I find myself wondering if this is why creative people, those who make the world beautiful, those who create the concepts that make us question, and those who demand that we change the boring for the delightful, do not really understand why we do not quite fit into that horrid mold of ‘normal’ that society keeps trying to squeeze us into. My favourite Einstein quote is “Creativity is seeing what others see and thinking what no one else has ever thought”.  I think that much of the ideas and concepts that have changed the world have been via this ideal.

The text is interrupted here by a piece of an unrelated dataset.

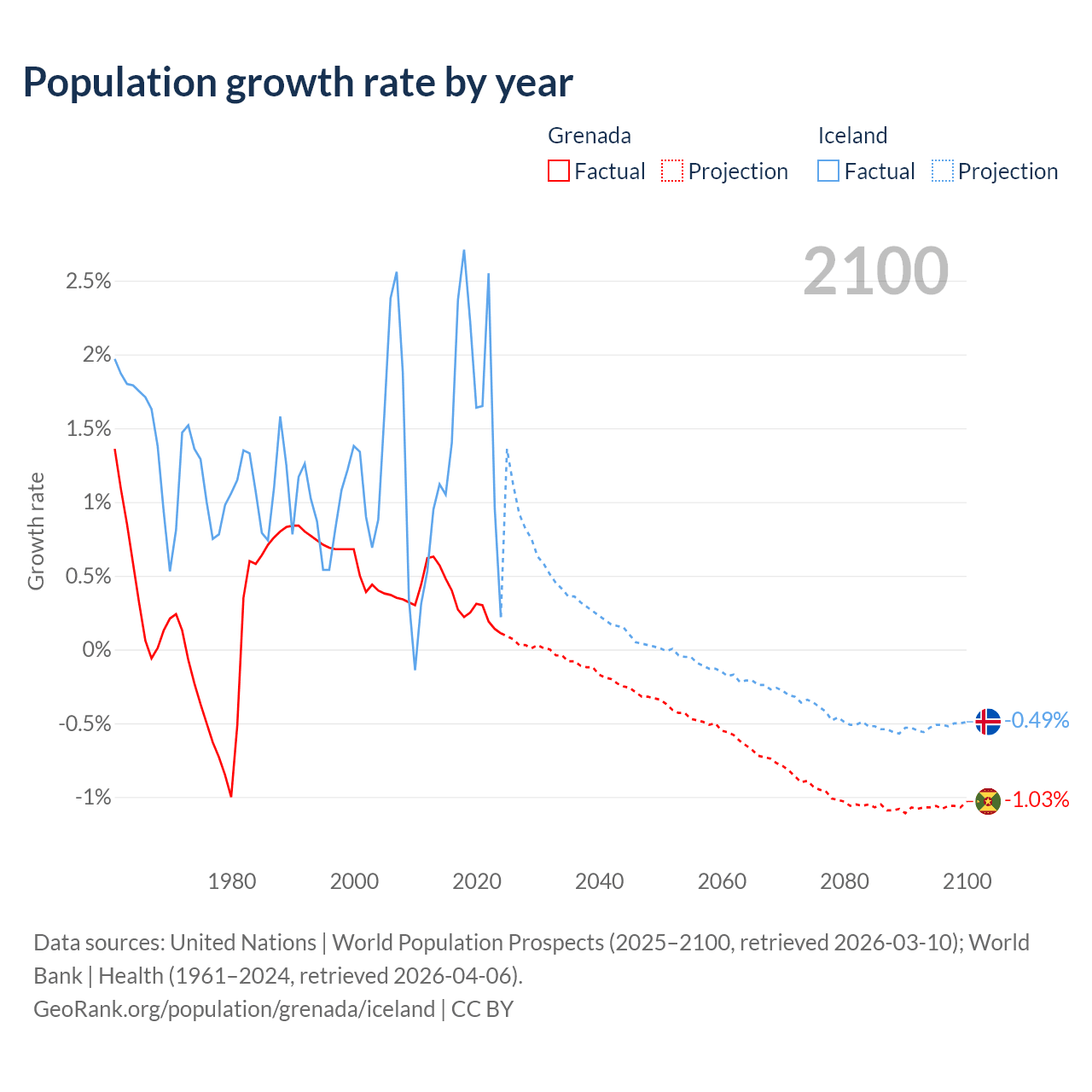 - For the last 10 years, Grenada has had an average growth rate of +0.29% per year vs +1.63% in Iceland.
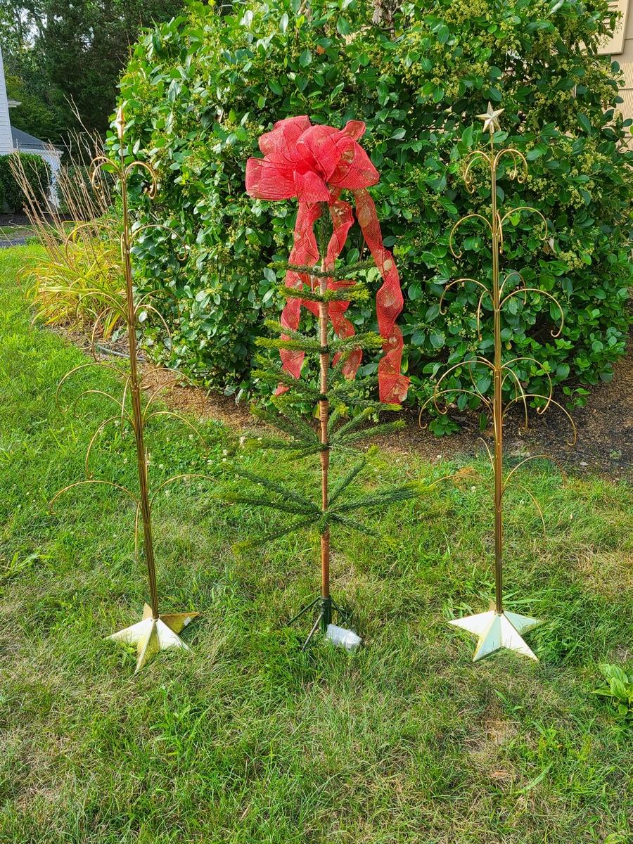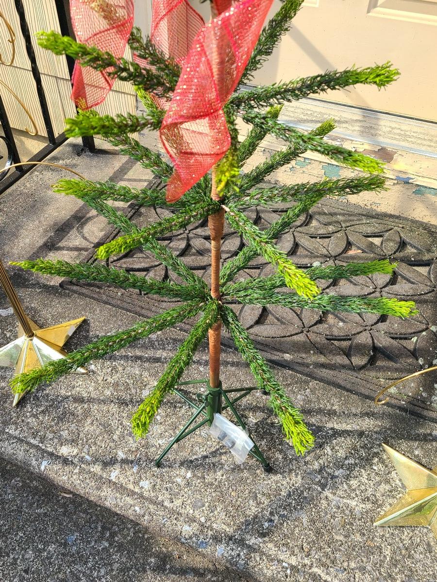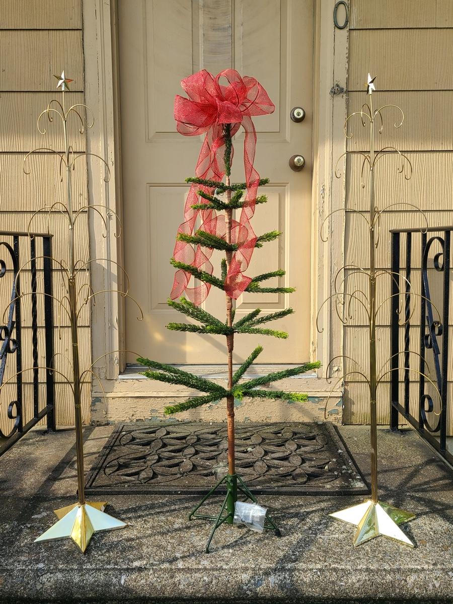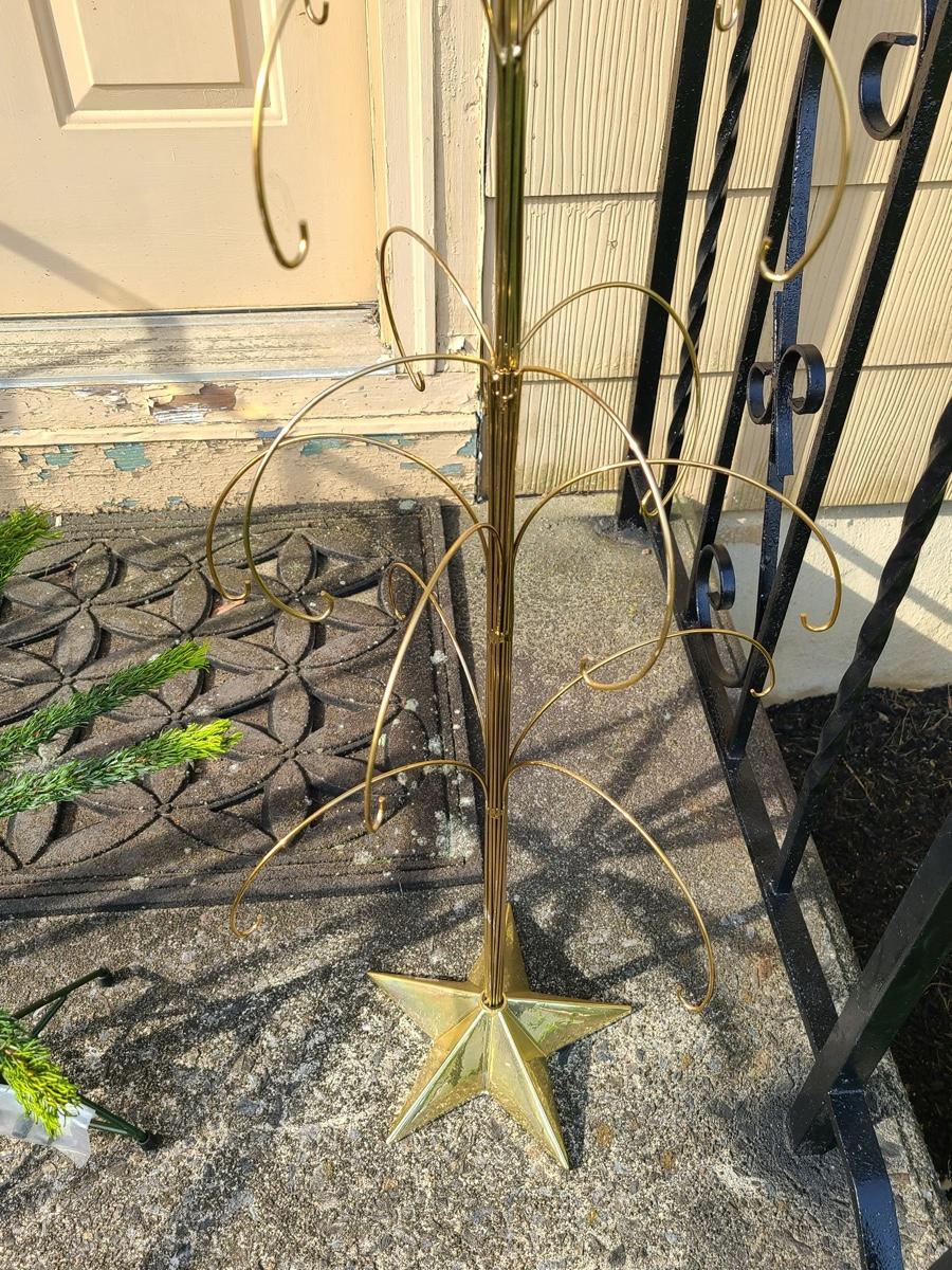 Lot 500: Two Gold Star Ornament Stands and Primitive Tree

I do know that for much of my panic/anxiety attacks and my thoughts during my depression, I am far more creative, not necessarily stuff I could share with the wider community but certainly work that I can come back to and see where and how I view things. I come up with ways of solving problems, I create my stories, I can be comfortable with the fact that my head does not work as it should. Society demands that I work my way through it so I can go back to be a functioning member. Do not get me wrong, I really do have some issue that I need to work through but this is because adults behaved inappropriately with me whilst I was a child, and I still bear the scars, it has nothing to do with my actual depression, which for me, releases my creativity. It is as if my body and mind decide that it is holiday time and I get to do what I enjoy the most.

I do need to talk to a specialist because I am smart enough to know that I do have issues that I can not work through on my own. I am smart enough to know that whilst I have the formal education to be able to read up all the tips and exercises I should be doing, I really am the patient who needs to be guided and supported until I have these skills built into my little bag of tricks. I am not that superwoman who has been hiding her problems away for years, pretending I am just great and nothing ever gets the better of me. I really do need to be honest and that means, for me, openly and getting the help as and where I need it because hiding away for me is a lifetime habit that I must remove from my options.